Taking 5% as the accepted norm for statistical significance, this means only 14 groups need to have independently looked at the same question, in the entire history of medicine, before it’s probable that one of them will find a falsely significant result. Perhaps more problematically, consider that many studies actually look at multitudes of variables, and it becomes clear that if you just ask enough questions on a survey, you’re virtually guaranteed to have plenty of statistically significant “effects” to publish. Perhaps this is why companies find funding statistical studies so much more gratifying than funding the physical sciences.

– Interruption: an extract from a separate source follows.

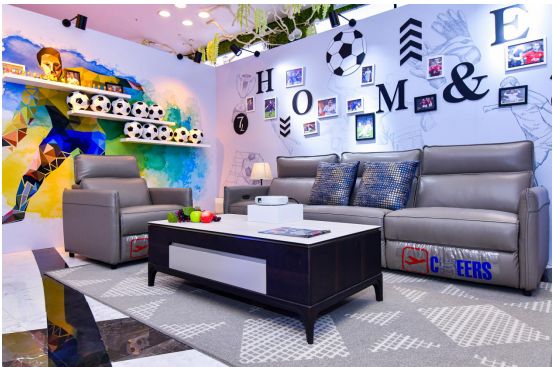 对于体育爱好者,还有联合坚果投影仪打造的看球装置空间,舒适沙发很过瘾,大屏看球够尽兴。

None of what I have said so far is likely to be considered novel to anybody involved in clinical research. However, I think there is potentially another, more insidious source of bias that I don’t believe has been mentioned before. The medical research community is basically a big hypothesis generating machine, and the weirder, the better. There is fame to be found in overturning existing belief and finding counterintuitive effects, so people are biased towards attempting studies where the null hypothesis represents existing belief. However, assuming that there is some correlation between our current state of knowledge and the truth, this implies a bias towards studies where the null hypothesis is actually correct. In classical statistics, the null hypothesis can only be refuted, not confirmed. Thus, by focusing on studies that seek to overturn existing belief, there may be an inherent bias in the medical profession to find false results. If so, it’s possible that a significant percentage of published studies are wrong, far in excess of that suggested by the published significance level of the studies. One might call this predisposition toward finding counterintuitive results “fame bias”. It may be how we get such ludicrous results as “eating McDonald’s french fries decreases the risk of breast cancer,” an actual published result from Harvard.

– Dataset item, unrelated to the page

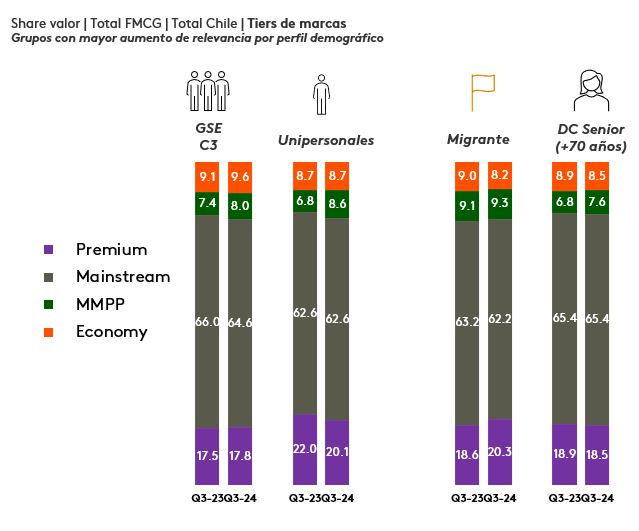 A pesar del escenario desafinate, el consumidor chileno demuestra resiliencia, adaptándose y buscando alternativas que les permitan ahorrar. A pesar de que, la disminución del consumo afecta a todos los tiers de marcas, el impacto es menor en las marcas económicas y propias, estas últimas están ganando relevancia especialmente entre los segmentos emergentes de la población, como en los hogares unipersonales y hogares seniors.

Statistical studies are certainly appropriate when attempting to confirm a scientific theory grounded in logic and understanding of the underlying mechanism. A random question, however, is not a theory, and using statistics to blindly fish for novel correlations will always produce false results at a rate proportional to the effort applied. Furthermore, as mentioned above, this may be further exacerbated by the bias towards disproving existing knowledge as opposed to confirming it. The quality expert W. Edwards Deming (1975) once suggested that the reason students have problems understanding hypothesis tests is that they “may be trying to think.” Using statistics as a primary scientific investigative tool, as opposed to merely a confirmative one, is a recipe for the production of junk science.